Come funziona la truffa del rimborso IRPEF
Le comunicazioni fraudolente segnalate dall’Amministrazione Finanziaria invitano il destinatario a cliccare su un link per aggiornare i dati del bonifico o confermare l’identità per ricevere un rimborso fiscale. Una volta cliccato sul collegamento, l’utente viene indirizzato su una pagina web specchietto, dove viene richiesto l’inserimento del numero di carta di credito o delle credenziali di accesso all’area riservata.

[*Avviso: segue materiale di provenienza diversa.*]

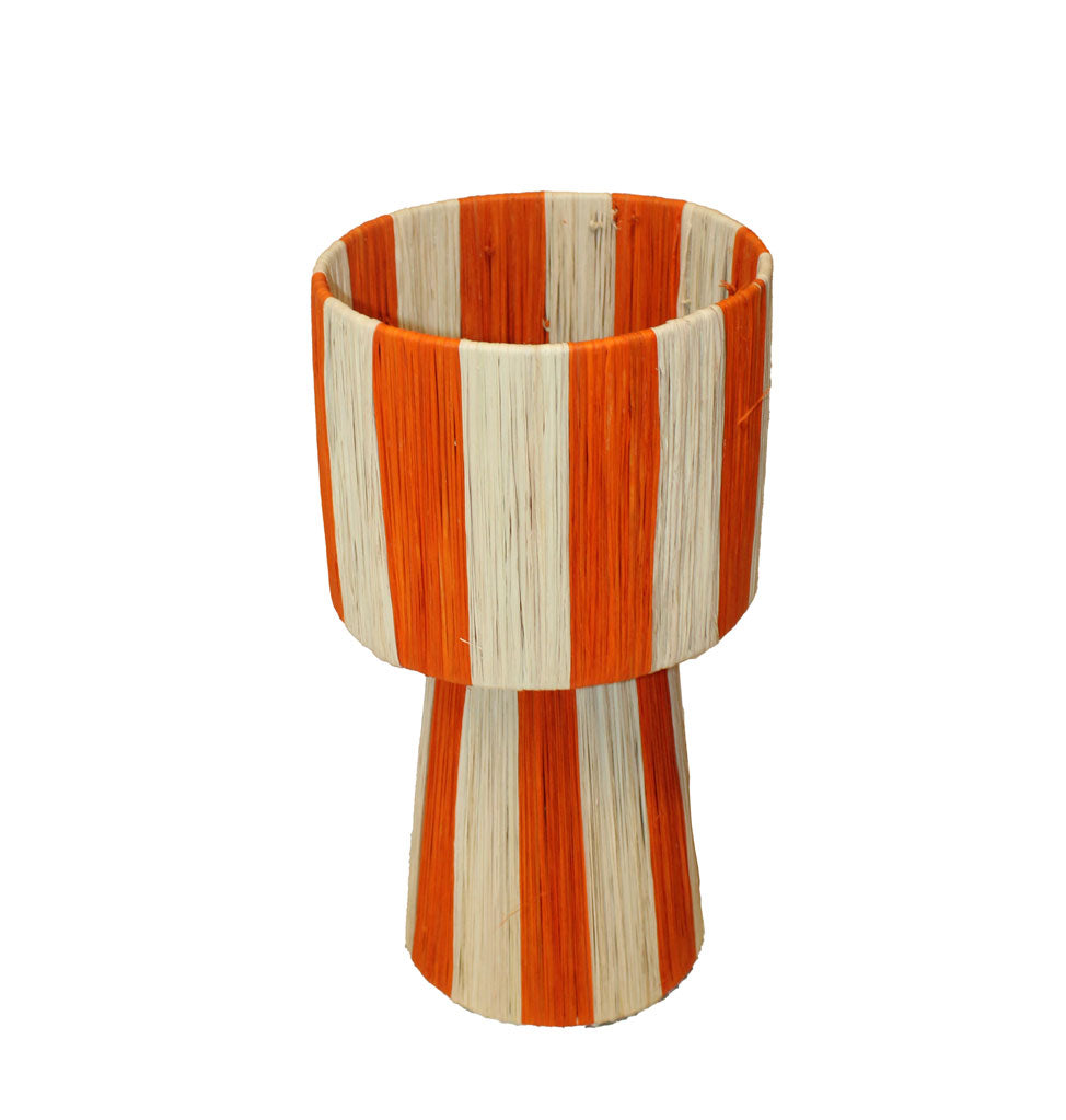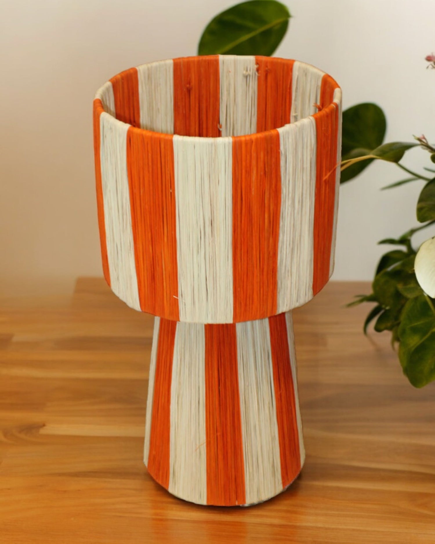 Avec ses 37 cm de hauteur, son tressage ajouré filtre la lumière en douceur, créant une atmosphère chaleureuse et enveloppante. Son accent orangé apporte une personnalité lumineuse, idéale pour sublimer un salon, une chambre ou une entrée à l’esprit bohème ou ethnique.

È necessario ricordare che l’Agenzia delle Entrate non richiede mai dati bancari o sensibili tramite posta elettronica o messaggi di testo. Come già evidenziato in precedenti allarmi sulle false comunicazioni, le procedure di accredito avvengono esclusivamente tramite i canali ufficiali e previa notifica nel cassetto fiscale del contribuente.
Indicatori di phishing nelle email fiscali
Per proteggere la sicurezza informatica aziendale e personale occorre prestare attenzione ad alcuni segnali tipici dei messaggi malevoli:
- indirizzi mittente non istituzionali, spesso con domini esteri o nomi simili a quelli ufficiali ma errati;
- presenza di errori grammaticali o sintattici nel corpo del messaggio;
- senso di urgenza e minaccia di perdere il rimborso se non si agisce in tempi brevi;
- link che, se visualizzati senza cliccare, portano a siti web esterni non riconducibili a agenziaentrate.gov.it.
Le procedure ufficiali per i rimborsi 2026
Il calendario dei rimborsi IRPEF prevede che le somme spettanti siano erogate dal sostituto d’imposta in busta paga o tramite accredito diretto sul conto corrente da parte dell’Agenzia, a condizione che l’IBAN sia stato correttamente registrato.
Per una verifica sicura della propria posizione, l’unica procedura garantita è la consultazione del proprio cassetto fiscale tramite SPID, CIE o CNS, evitando tassativamente di seguire collegamenti presenti in comunicazioni esterne sospette.